### EXERCISE DETAILS
Without the pictures, output all of the data exactly.

** DATA PROVIDED follows **

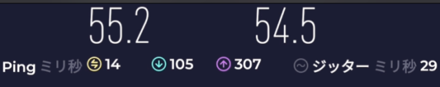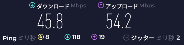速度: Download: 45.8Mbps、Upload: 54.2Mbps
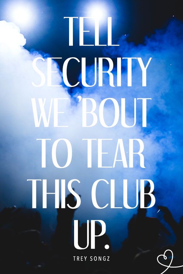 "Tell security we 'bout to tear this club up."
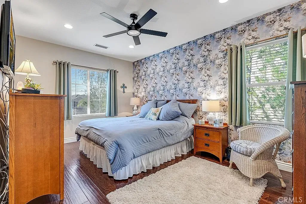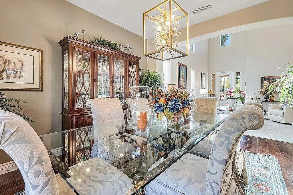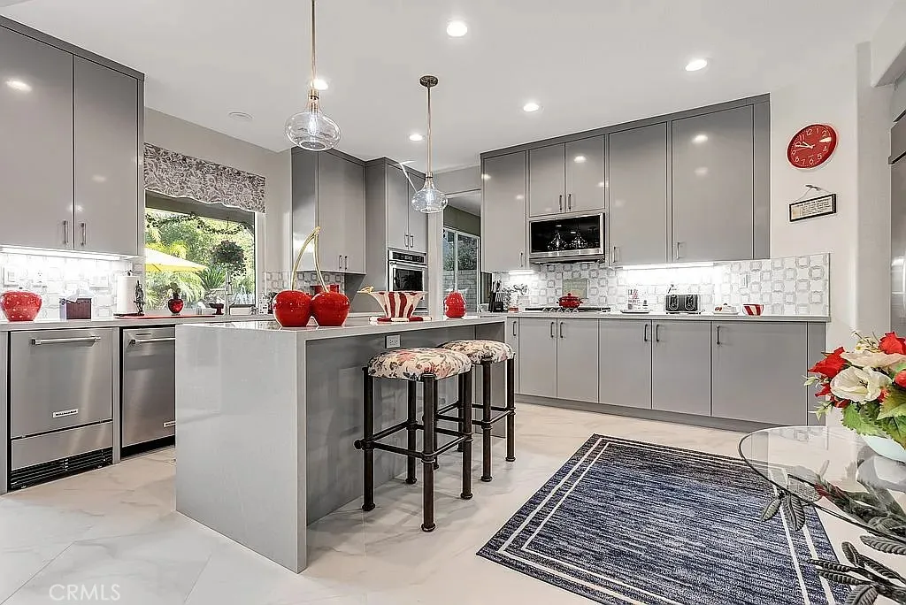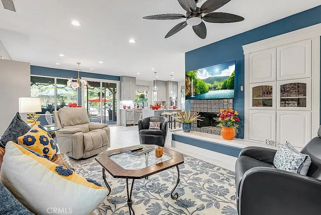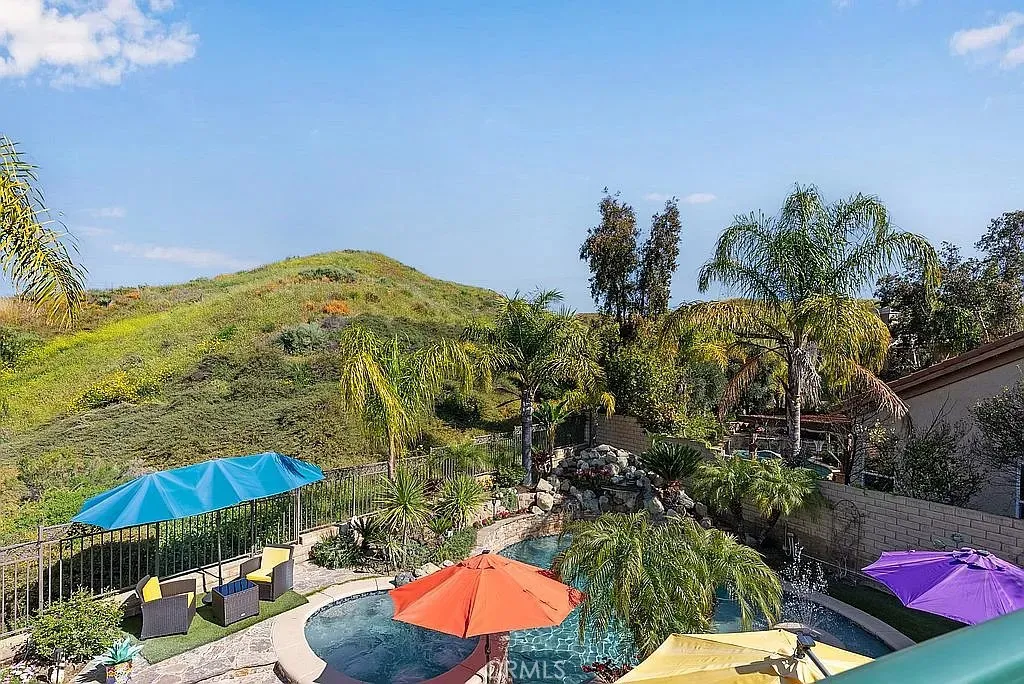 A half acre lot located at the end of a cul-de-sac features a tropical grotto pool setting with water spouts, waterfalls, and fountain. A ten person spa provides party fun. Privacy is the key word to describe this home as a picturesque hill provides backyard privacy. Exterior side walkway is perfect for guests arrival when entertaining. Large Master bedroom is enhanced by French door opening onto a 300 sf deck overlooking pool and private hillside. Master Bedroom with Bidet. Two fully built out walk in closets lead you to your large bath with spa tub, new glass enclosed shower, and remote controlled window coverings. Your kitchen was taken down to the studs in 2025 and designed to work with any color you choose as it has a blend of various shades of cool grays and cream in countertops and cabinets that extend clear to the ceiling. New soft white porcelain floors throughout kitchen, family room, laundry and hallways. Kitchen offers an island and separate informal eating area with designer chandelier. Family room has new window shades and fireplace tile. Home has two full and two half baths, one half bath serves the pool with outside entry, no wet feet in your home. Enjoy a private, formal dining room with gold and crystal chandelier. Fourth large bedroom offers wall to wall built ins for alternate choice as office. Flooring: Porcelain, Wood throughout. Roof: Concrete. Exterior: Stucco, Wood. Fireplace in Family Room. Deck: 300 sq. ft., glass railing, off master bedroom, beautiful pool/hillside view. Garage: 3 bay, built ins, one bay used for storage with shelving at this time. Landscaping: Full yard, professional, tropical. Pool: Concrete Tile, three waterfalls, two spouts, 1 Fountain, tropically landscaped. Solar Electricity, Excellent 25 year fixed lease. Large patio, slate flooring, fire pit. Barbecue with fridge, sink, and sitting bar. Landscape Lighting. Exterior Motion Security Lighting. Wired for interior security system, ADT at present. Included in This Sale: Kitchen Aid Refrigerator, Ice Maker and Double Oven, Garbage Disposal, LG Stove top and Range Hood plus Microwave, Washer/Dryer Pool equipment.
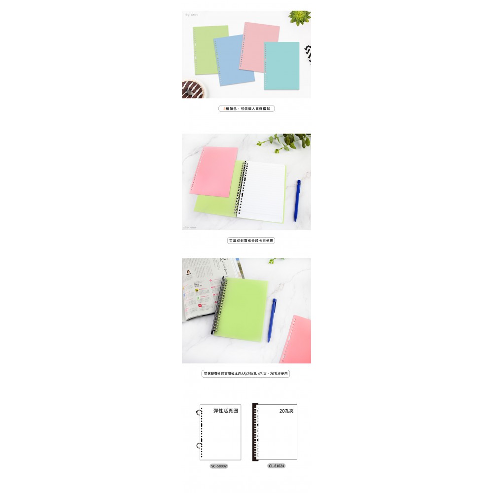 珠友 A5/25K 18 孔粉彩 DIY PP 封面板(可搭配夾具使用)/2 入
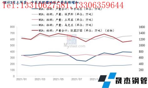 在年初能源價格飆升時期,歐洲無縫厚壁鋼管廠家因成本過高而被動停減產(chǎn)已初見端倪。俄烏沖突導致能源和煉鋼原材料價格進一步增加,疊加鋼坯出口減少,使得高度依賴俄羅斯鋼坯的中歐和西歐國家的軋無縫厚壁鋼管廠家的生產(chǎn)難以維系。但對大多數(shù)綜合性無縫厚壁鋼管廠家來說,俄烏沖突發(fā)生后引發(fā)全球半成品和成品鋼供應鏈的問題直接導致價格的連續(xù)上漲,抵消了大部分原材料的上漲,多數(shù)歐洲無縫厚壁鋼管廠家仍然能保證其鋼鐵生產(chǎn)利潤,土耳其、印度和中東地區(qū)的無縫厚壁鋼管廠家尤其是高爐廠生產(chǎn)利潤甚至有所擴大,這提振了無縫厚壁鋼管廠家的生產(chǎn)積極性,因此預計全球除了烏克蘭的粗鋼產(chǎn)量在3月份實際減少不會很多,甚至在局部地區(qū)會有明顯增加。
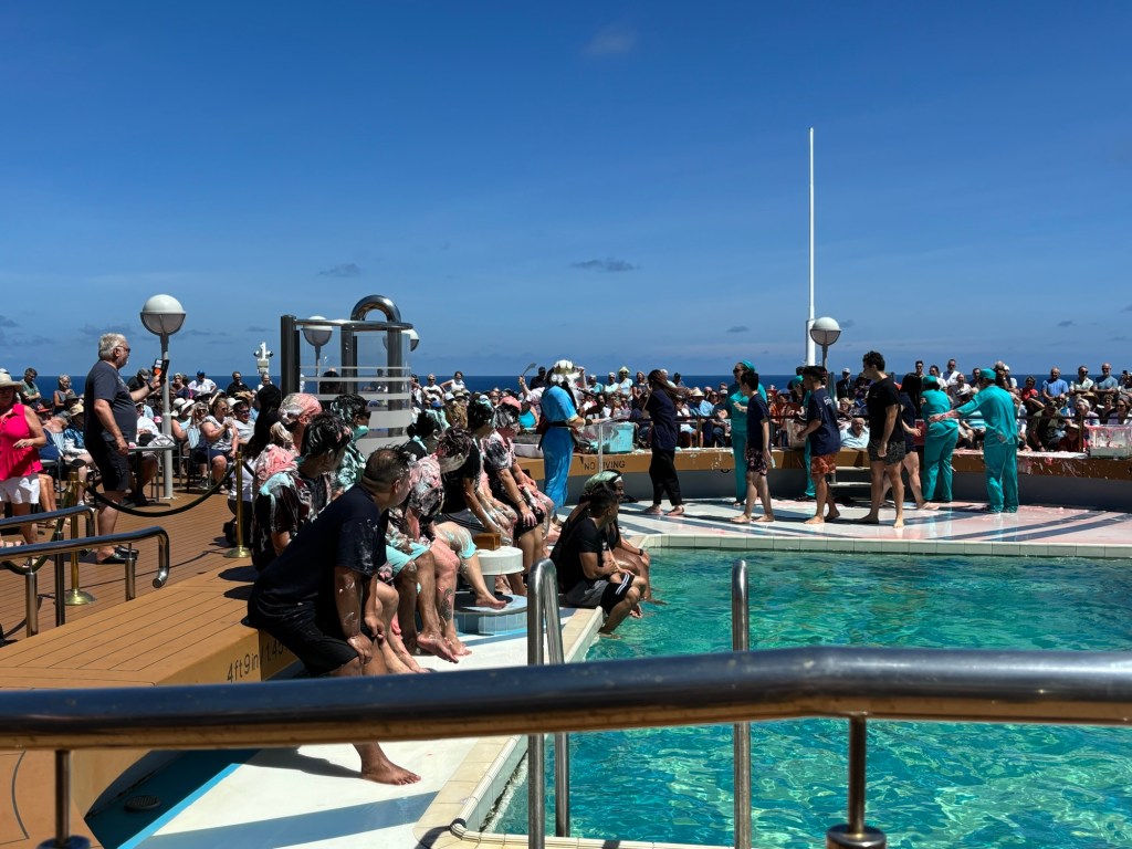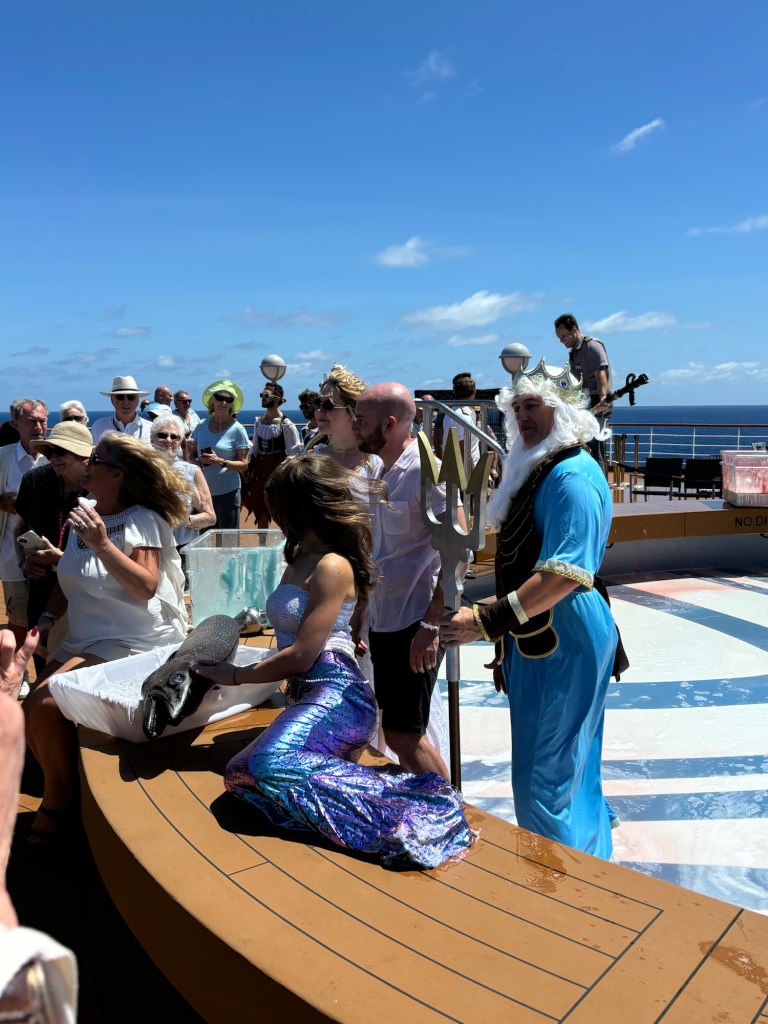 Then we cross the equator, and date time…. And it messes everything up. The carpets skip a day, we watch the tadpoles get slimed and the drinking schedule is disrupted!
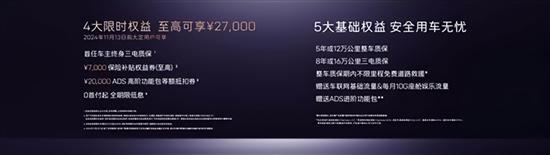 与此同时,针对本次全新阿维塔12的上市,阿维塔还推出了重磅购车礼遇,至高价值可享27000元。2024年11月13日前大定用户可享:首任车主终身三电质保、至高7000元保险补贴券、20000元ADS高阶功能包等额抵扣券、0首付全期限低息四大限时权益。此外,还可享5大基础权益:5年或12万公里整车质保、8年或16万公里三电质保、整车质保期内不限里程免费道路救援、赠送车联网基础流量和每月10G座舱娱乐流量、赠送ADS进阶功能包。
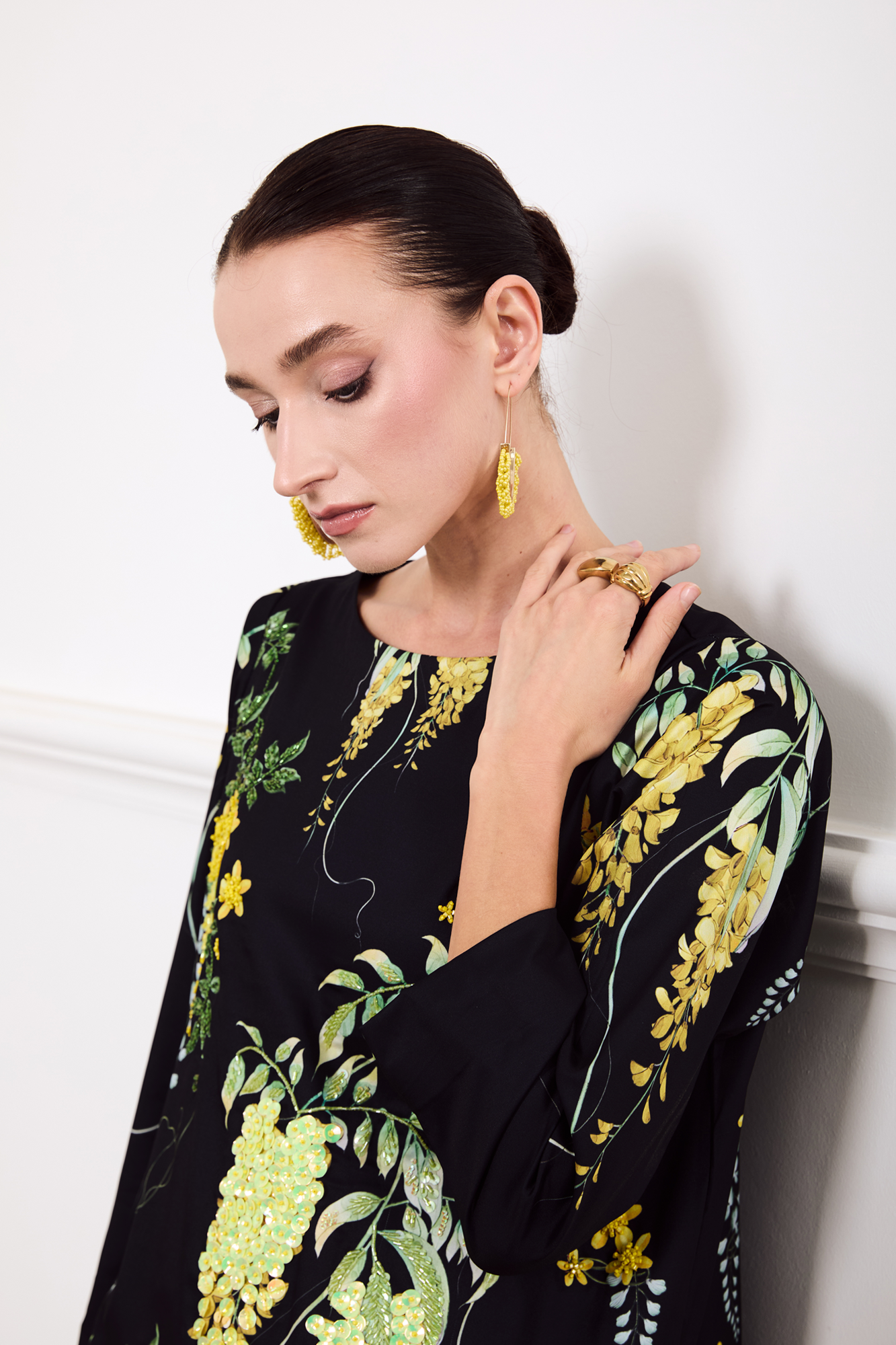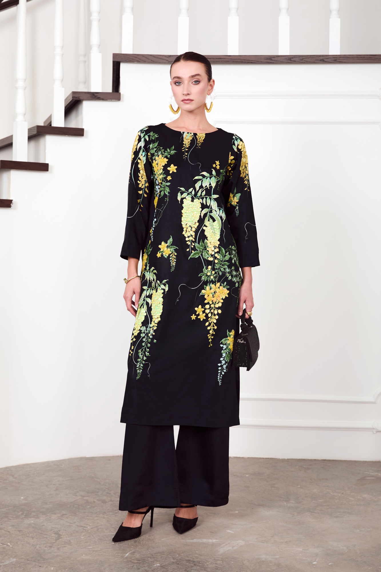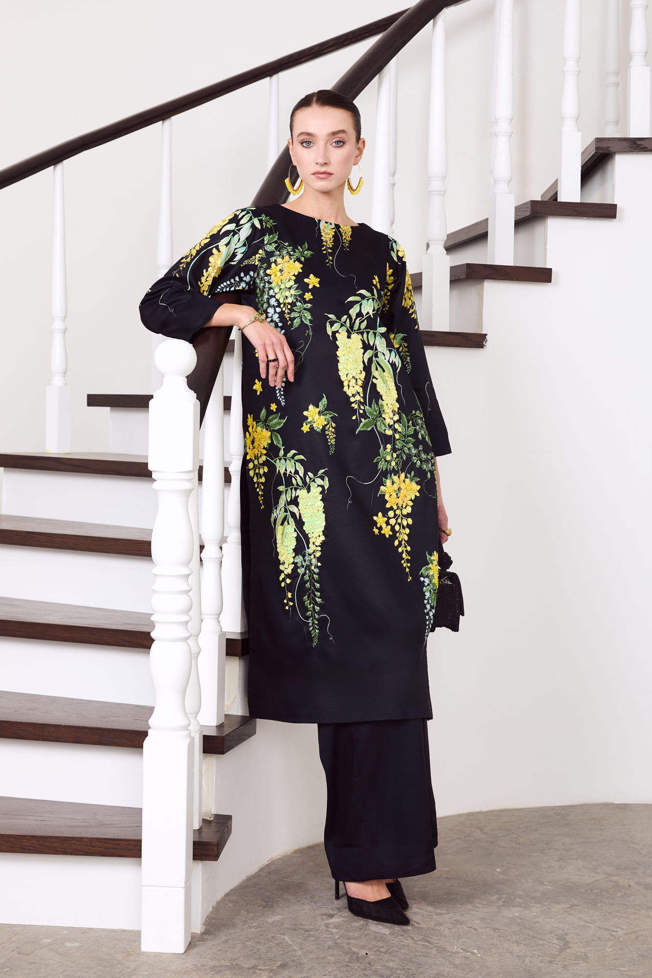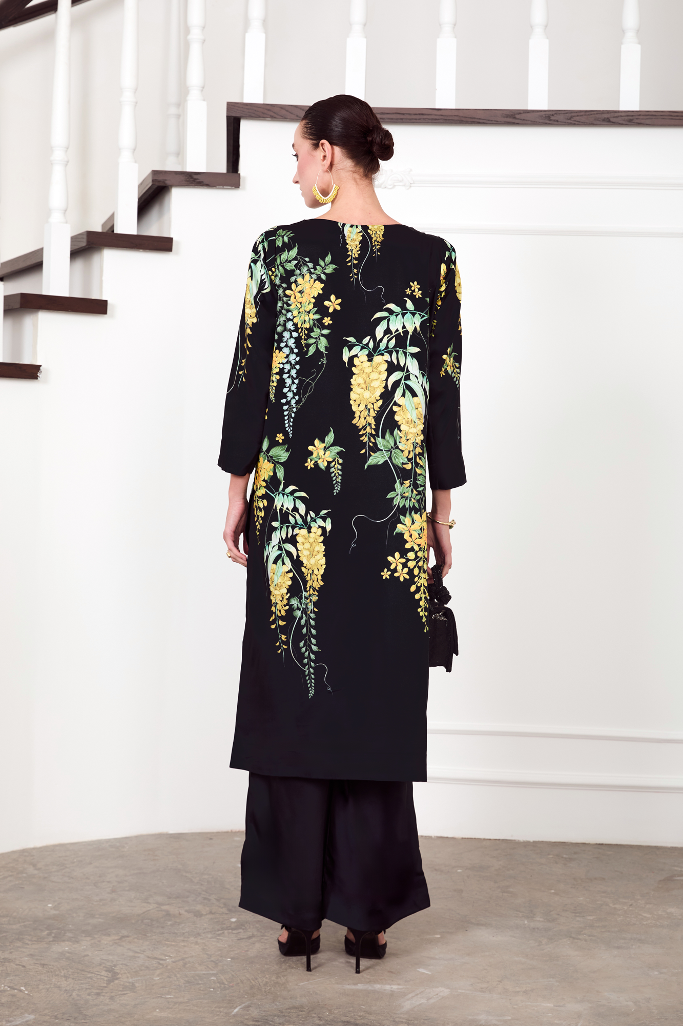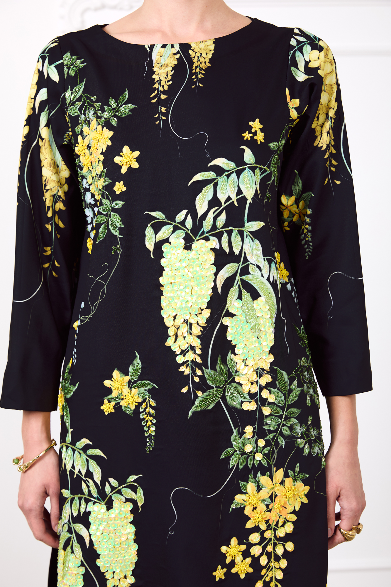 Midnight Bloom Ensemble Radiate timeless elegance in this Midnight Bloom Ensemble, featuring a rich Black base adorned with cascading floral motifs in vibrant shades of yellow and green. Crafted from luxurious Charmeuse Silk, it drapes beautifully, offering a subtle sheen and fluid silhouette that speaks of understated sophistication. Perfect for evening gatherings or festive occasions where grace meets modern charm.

** End of DATA PROVIDED **

### SOLUTION TO THIS PROBLEM
速度: Download: 45.8Mbps、Upload: 54.2Mbps
 "Tell security we 'bout to tear this club up."
 A half acre lot located at the end of a cul-de-sac features a tropical grotto pool setting with water spouts, waterfalls, and fountain. A ten person spa provides party fun. Privacy is the key word to describe this home as a picturesque hill provides backyard privacy. Exterior side walkway is perfect for guests arrival when entertaining. Large Master bedroom is enhanced by French door opening onto a 300 sf deck overlooking pool and private hillside. Master Bedroom with Bidet. Two fully built out walk in closets lead you to your large bath with spa tub, new glass enclosed shower, and remote controlled window coverings. Your kitchen was taken down to the studs in 2025 and designed to work with any color you choose as it has a blend of various shades of cool grays and cream in countertops and cabinets that extend clear to the ceiling. New soft white porcelain floors throughout kitchen, family room, laundry and hallways. Kitchen offers an island and separate informal eating area with designer chandelier. Family room has new window shades and fireplace tile. Home has two full and two half baths, one half bath serves the pool with outside entry, no wet feet in your home. Enjoy a private, formal dining room with gold and crystal chandelier. Fourth large bedroom offers wall to wall built ins for alternate choice as office. Flooring: Porcelain, Wood throughout. Roof: Concrete. Exterior: Stucco, Wood. Fireplace in Family Room. Deck: 300 sq. ft., glass railing, off master bedroom, beautiful pool/hillside view. Garage: 3 bay, built ins, one bay used for storage with shelving at this time. Landscaping: Full yard, professional, tropical. Pool: Concrete Tile, three waterfalls, two spouts, 1 Fountain, tropically landscaped. Solar Electricity, Excellent 25 year fixed lease. Large patio, slate flooring, fire pit. Barbecue with fridge, sink, and sitting bar. Landscape Lighting. Exterior Motion Security Lighting. Wired for interior security system, ADT at present. Included in This Sale: Kitchen Aid Refrigerator, Ice Maker and Double Oven, Garbage Disposal, LG Stove top and Range Hood plus Microwave, Washer/Dryer Pool equipment.
 珠友 A5/25K 18 孔粉彩 DIY PP 封面板(可搭配夾具使用)/2 入
 在年初能源價格飆升時期,歐洲無縫厚壁鋼管廠家因成本過高而被動停減產(chǎn)已初見端倪。俄烏沖突導致能源和煉鋼原材料價格進一步增加,疊加鋼坯出口減少,使得高度依賴俄羅斯鋼坯的中歐和西歐國家的軋無縫厚壁鋼管廠家的生產(chǎn)難以維系。但對大多數(shù)綜合性無縫厚壁鋼管廠家來說,俄烏沖突發(fā)生后引發(fā)全球半成品和成品鋼供應鏈的問題直接導致價格的連續(xù)上漲,抵消了大部分原材料的上漲,多數(shù)歐洲無縫厚壁鋼管廠家仍然能保證其鋼鐵生產(chǎn)利潤,土耳其、印度和中東地區(qū)的無縫厚壁鋼管廠家尤其是高爐廠生產(chǎn)利潤甚至有所擴大,這提振了無縫厚壁鋼管廠家的生產(chǎn)積極性,因此預計全球除了烏克蘭的粗鋼產(chǎn)量在3月份實際減少不會很多,甚至在局部地區(qū)會有明顯增加。
 Then we cross the equator, and date time…. And it messes everything up. The carpets skip a day, we watch the tadpoles get slimed and the drinking schedule is disrupted!
 与此同时,针对本次全新阿维塔12的上市,阿维塔还推出了重磅购车礼遇,至高价值可享27000元。2024年11月13日前大定用户可享:首任车主终身三电质保、至高7000元保险补贴券、20000元ADS高阶功能包等额抵扣券、0首付全期限低息四大限时权益。此外,还可享5大基础权益:5年或12万公里整车质保、8年或16万公里三电质保、整车质保期内不限里程免费道路救援、赠送车联网基础流量和每月10G座舱娱乐流量、赠送ADS进阶功能包。
 Midnight Bloom Ensemble Radiate timeless elegance in this Midnight Bloom Ensemble, featuring a rich Black base adorned with cascading floral motifs in vibrant shades of yellow and green. Crafted from luxurious Charmeuse Silk, it drapes beautifully, offering a subtle sheen and fluid silhouette that speaks of understated sophistication. Perfect for evening gatherings or festive occasions where grace meets modern charm.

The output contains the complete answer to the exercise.